Поручик Успенский, прочтя эти строки, просит внести поправку. Он рассказывал Ольге не анекдот, а всего лишь о том, как он сдавал органическую химию профессору Осипову. Поправку вношу, но, по-моему, это одно и то же.
21 апреля
Три дня не писал. Одолела какая-то странная хворь, когда ничего не болит, но кружится голова и сил хватает только на то, чтобы лежать пластом и смотреть, как над головой чуть колышится белый полог палатки. По-моему, ничего серьезного, нормальное следствие пяти лет войны и трех контузий. Поручик Успенский со мной полностью согласен, но вновь советует мне заняться лечебной гимнастикой и даже приволок какую-то брошюру на немецком языке. Не знаю, признаться, я не поклонник господина Лесгафта, да и сил на это покуда нет.

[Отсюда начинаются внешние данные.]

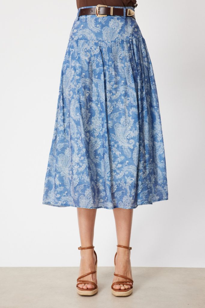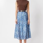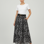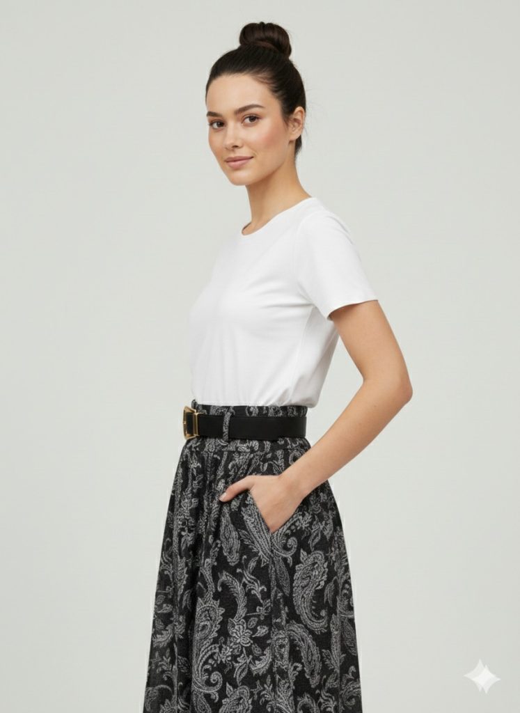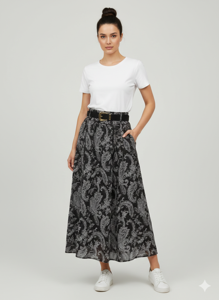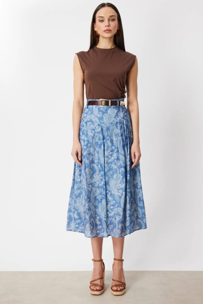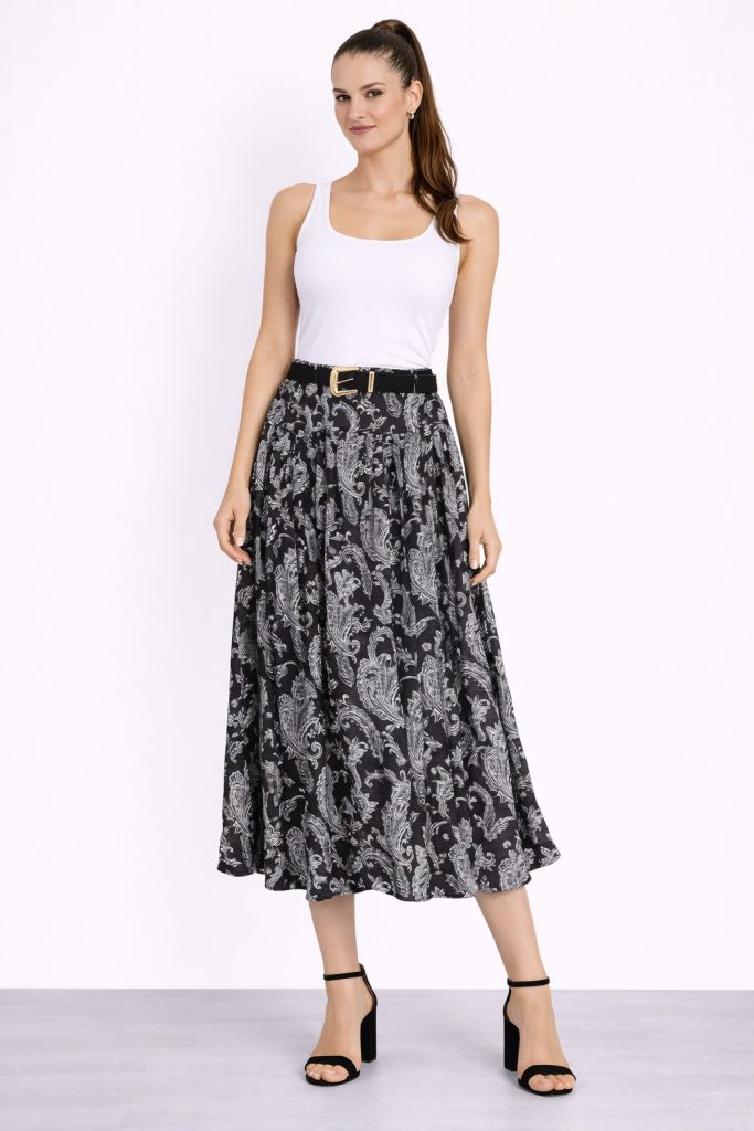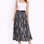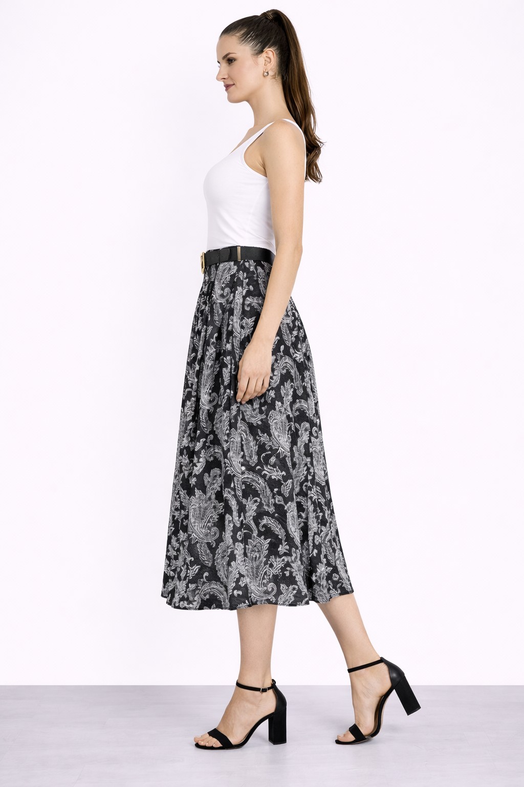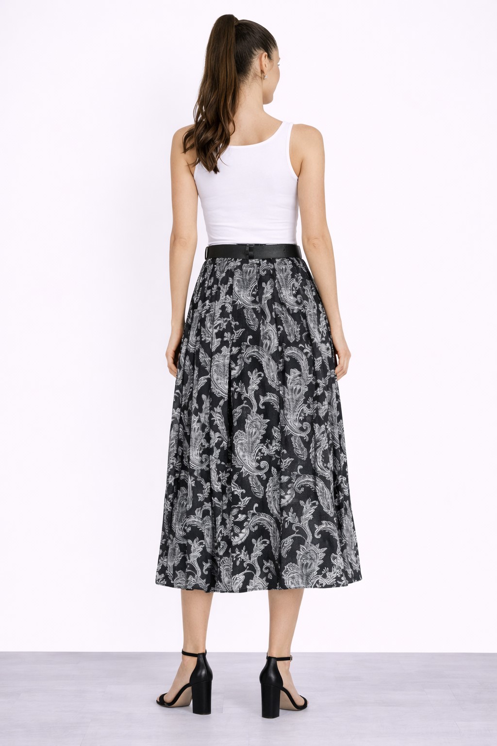 ON TRİKO Beli Kemerli Desenli Midi Etek 74210 Siyah
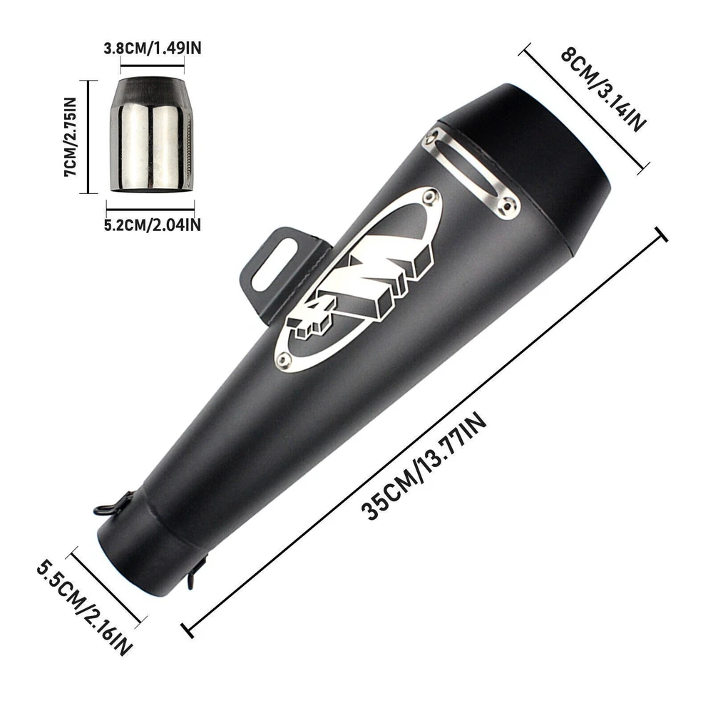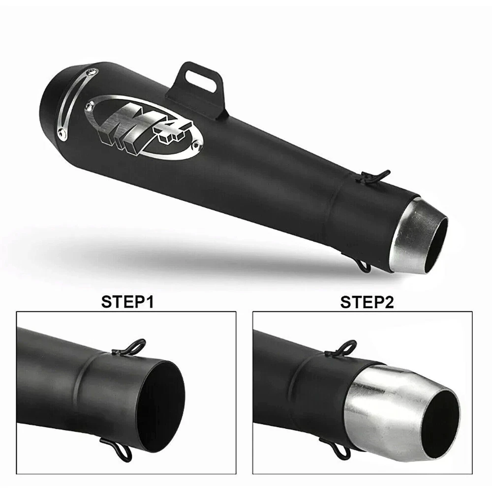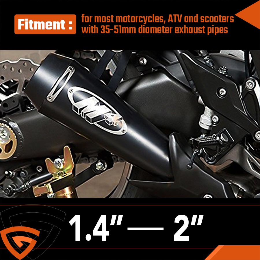 Description: Premium stainless steel construction, added high-temperature coating process, durable, high temperature resistant and anti-corrosion, superior longevity. Make your motorcycle roar with outstanding sound, increase your racing style. Classic black color, elegant and generous, an add-on decoration to dress up your motorcycle. Welding bracket included, easy to install. Helps your motorcycle obtain maximum output, ensuring its top exhaust performance. Universal fits for most motorcycles, ATV and scooters with 38-51mm diameter exhaust pipes. Specifications: Material: stainless steel Color: black Size: shown as picture Installation location: Right Fitment: For most motorcycles, ATV and scooters with 38-51mm diameter exhaust pipes Notes: 1. It is easy to install, but professional installation is always recommended. 2. Please allow 0.2 inch error due to manual measurement, thanks for your understanding. 3. Certain models(Yamaha R6/Suzuli GSXR...) must add the middle section first, cannot use this exhaust pipe directly. (middle section IS NOT INCLUDED in the package). Package: 1x Exhaust Muffler Pipe 1x Adapter 1x Set of Mounting Accessories
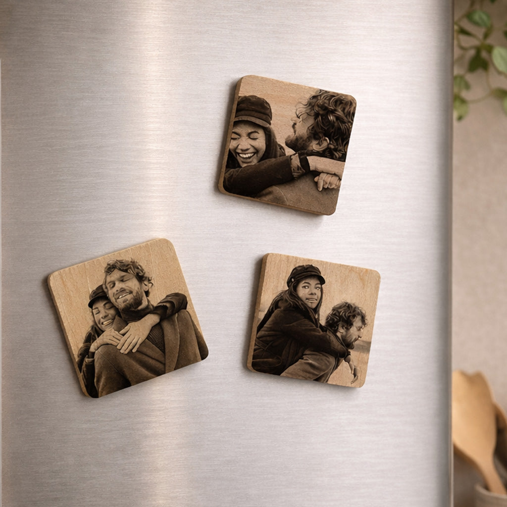 Woodgrain Square Photo Magnet Set
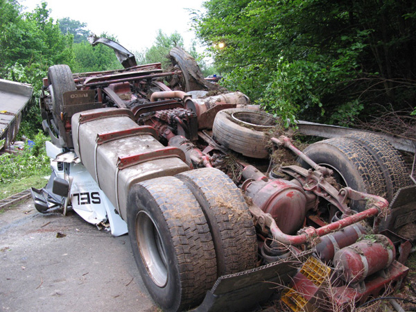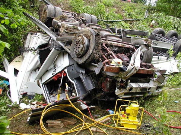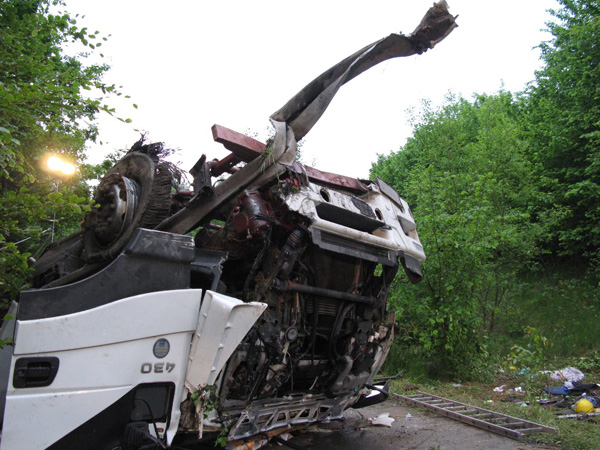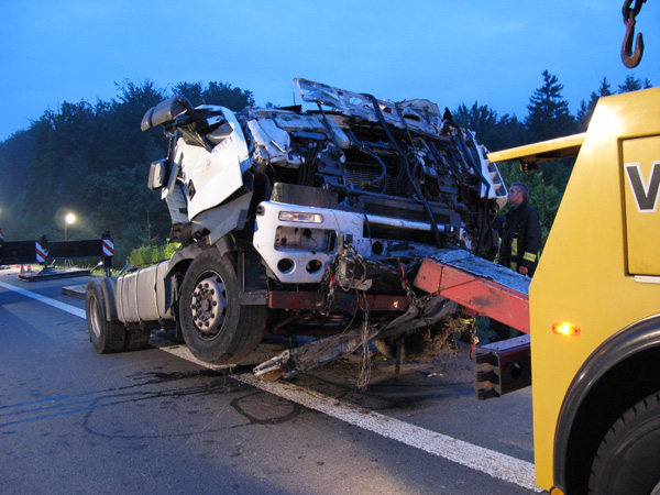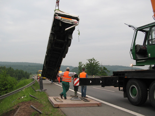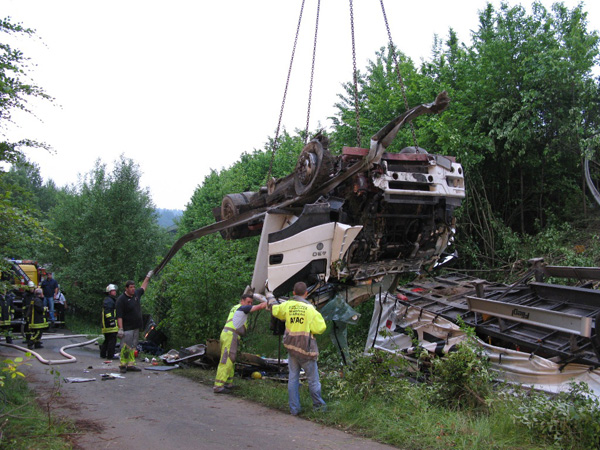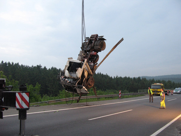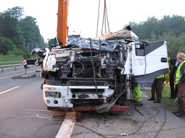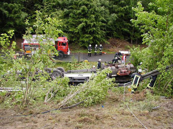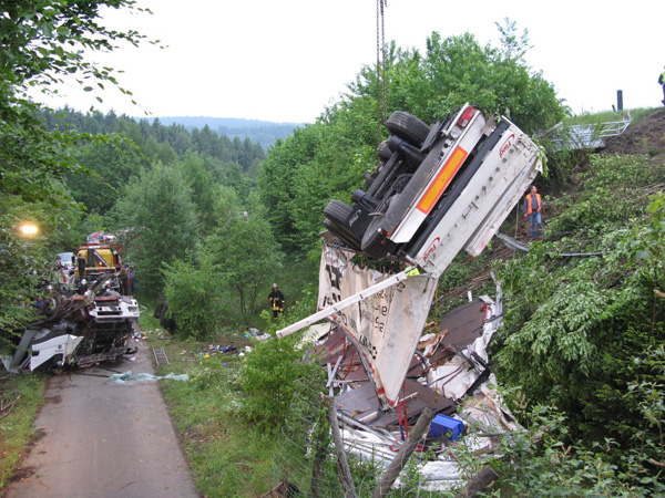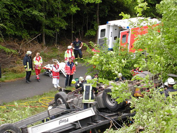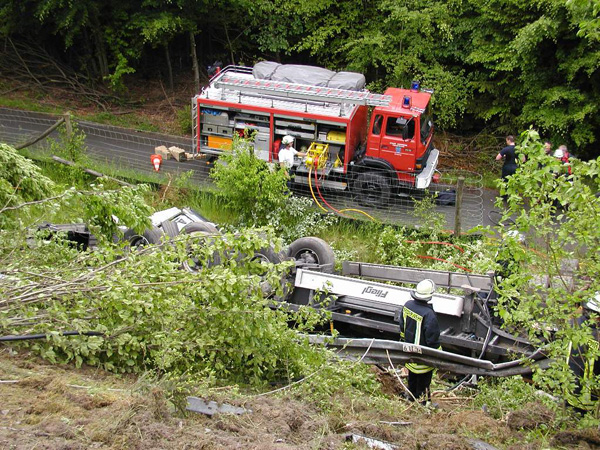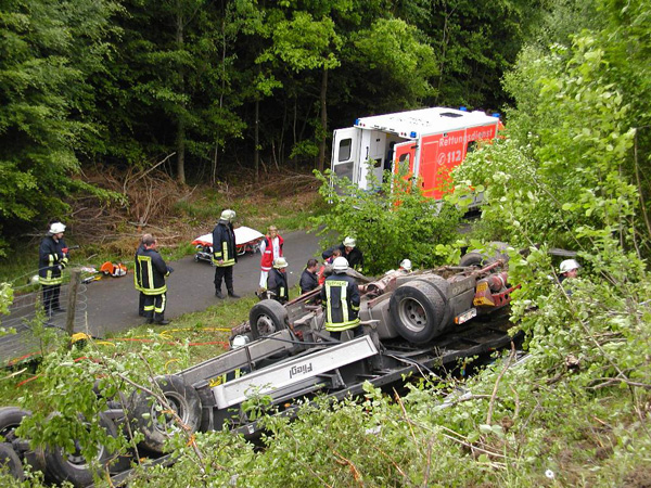 Der Fahrer eines mit Stahlplatten beladenen Sattelzuges verlor am Nachmittag auf der Bundesautobahn 46 kurz vor der Ausfahrt Arnsberg-Altstadt die Kontrolle über sein Fahrzeug, durchbrach die Mittelleitplanke, kreuzte die Gegenfahrbahn und stürzte eine mehrere Meter tiefe Böschung hinunter. Hierbei stürzte der Sattelzug um und blieb schwer beschädigt auf dem Dach liegen. Der Fahrer wurde in der völlig demolierten Fahrerkabine eingeklemmt und musste von den Feuerwehren aus Niedereimer, Arnsberg, Breitenbruchsowie dem Stützpunkttrupp aus seiner Notlage befreit werden. Er wurde von einem Rettungshubschrauber ins Krankenhaus nach Dortmund geflogen. Zur Bergung des havarierten Fahrzeugs wurde die Autobahn ab 19:00 Uhr in Fahrtrichtung Werl für ca. 4 Stunden voll gesperrt. Der Sattelzug wurde mit einem 200-Tonnen-Kran zurück auf die Fahrbahn gehoben und abtransportiert. Während der Bergungsarbeiten übernahm die Elektrofachgruppe der Freiwilligen Feuerwehr der Stadt Arnsberg die Ausleuchtung der Unfallstelle. Kameraden der Stadtteileinheit Arnsberg stellten den Brandschutz sicher und nahmen diebei der Bergung der Zugmaschine nochauslaufenden Betriebsstoffe auf.Die Bergung des Gespanns war gegen 22:00 Uhr beendet. Über die Schadenshöhe können noch keine Angaben gemacht werden.

В лагере, конечно, вновь были какие-то учения, но меня, к счастью, оставили в покое. Зато вчера зашел генерал Туркул, долго советовал мне съездить в Истанбул и показаться нормальному врачу, а потом мы с ним имели беседу по поводу моих заметок. Генерал внимательно ознакомился с ними и не одобрил.
Прежде всего, он назвал меня язвой, очевидно, имея в виду строки, посвященные ему самому. Затем он с порога отверг возможность, чтобы дроздовцы, его «дрозды» могли опустошить мой вещевой мешок. Далее должна была последовать подробная лекция о героизме славной дивизии, но я довольно нетактично поинтересовался у генерала, чей это батальон в полном составе сдался краснопузым, ежели мне не изменяет память, аккурат 10 января прошлого года у Джанкоя. Это был ремиз, и генерал стал что-то говорить о неизбежном падении дисциплины в дни поражений и, наконец, согласился с возможностью форс-мажора с моим вещевым мешком, но при условии, что это был кто угодно, но не первый офицерский полк. На том мы и поладили. Вдогон генерал заметил, что я неточен: на нашем Голом Поле Дроздовской дивизии, собственно говоря, нет, но он командует сводным полком имени генерала Дроздовского. Я с ним согласился, но сослался на то, что здесь все по-прежнему говорят о Дроздовской дивизии, и прежде всего он сам. Впрочем, ежели надо, я готов внести необходимые коррективы.